To meet today's strict building codes, the new hotel had to be reconstructed from the ground up. However, Chapman has reused every piece of the old building that could be resurrected. Sound flooring has been scraped and re-laid, floor joists have been used as beams, bed frames and behind the washbowls in the bathrooms. The stair rails and banisters and the great bar will be reinstalled. The fireplace surround is made from foundation stone and the patio as well at the path leading into the restaurant are salvaged chimney brick. Un-corroded pressed ceiling tin will be used decoratively. All this extra work added considerably to the expense of the building, as anyone who has tried it knows only too well. But Chapman did it.
When I visited the hotel just before sitting down to write this article, the site was a beehive of activity. An extraordinarily long painting crane was stretched across the Shatzell Avenue side of the building; a skilled young woman was finishing off a balcony railing. She told me the rig could extend to 86 feet and that, although the cab at the end was a little bouncy, making painting a balancing act, she couldn't think how she could do her job without it. Beneath it were three heating and plumbers trucks stuffed with every conceivable tool and material of the trade.

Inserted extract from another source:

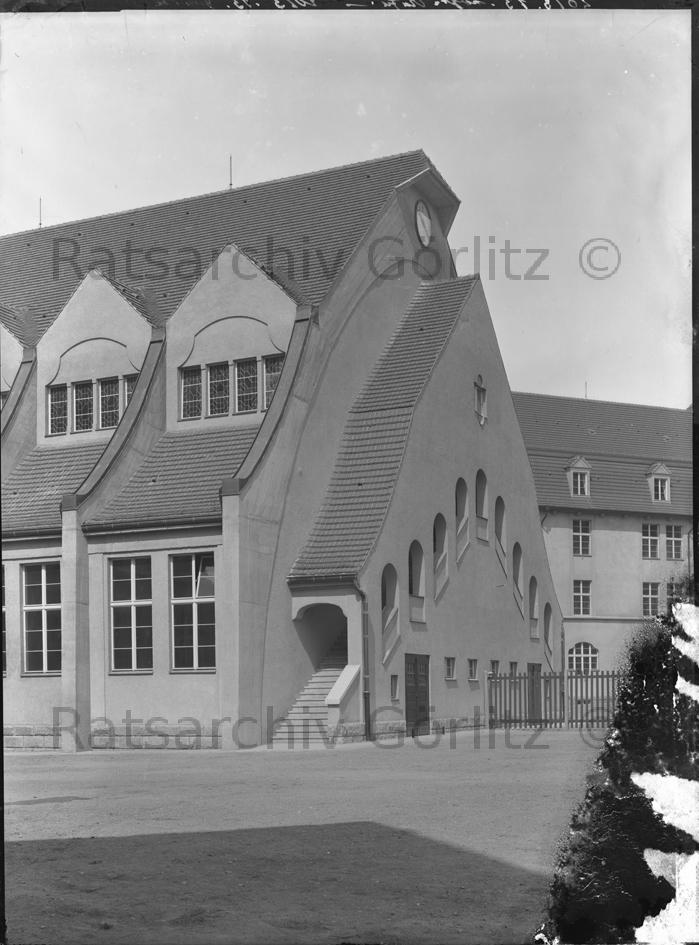 Turnhalle - Rückansicht der Oberrealschule und des Reform-Realgymnasiums Ecke Lessingstraße / Seydewitzstraße, Höhere Schule

Almost, but not quite, blocking Grinnell Street was an immense ten-wheel truck, piled high with 5/8 inch, 4 by 12 foot fire-check sheetrock. The truck's own crane was lifting bundles of 24 up to a third floor window where a worker extracted them by hand one by one. It was an utterly mesmerizing performance.
Inside, the hotel was abuzz with electric drills, screwdrivers, saws and the click-clacking of work-boot heels, a strong sign the hotel was nearing completion. When open to the public in mid-summer, it will offer a reasonably priced restaurant and bar with its kitchen and store rooms on the ground floor. Like China Rose across the street, it is expected to become a destination spot for area residents. The second floor is a large room for special parties weddings, graduations, birthdays and conferences, and the like. The third and the fourth floors are devoted to the sleeping part of the inn. There are five bedrooms on the lower and four on the upper floor. They vary in size, but all are large and handsome and have private balconies with stunning views of the river, the Kingston Lighthouse, fabulous sunsets and, in the distance, the multi-hued Catskill Mountain range.
I'm counting the days until the Rhinecliff Hotel reopens as The Rhinecliff. Part of me wishes it would be rechristened the Rhinecliff Phoenix, rising magically from its own ashes, so to speak. But, come to think of it, The Rhinecliff, so close to the former name, rings true. May it continue to grace the hamlet's waterfront for the next 150 years.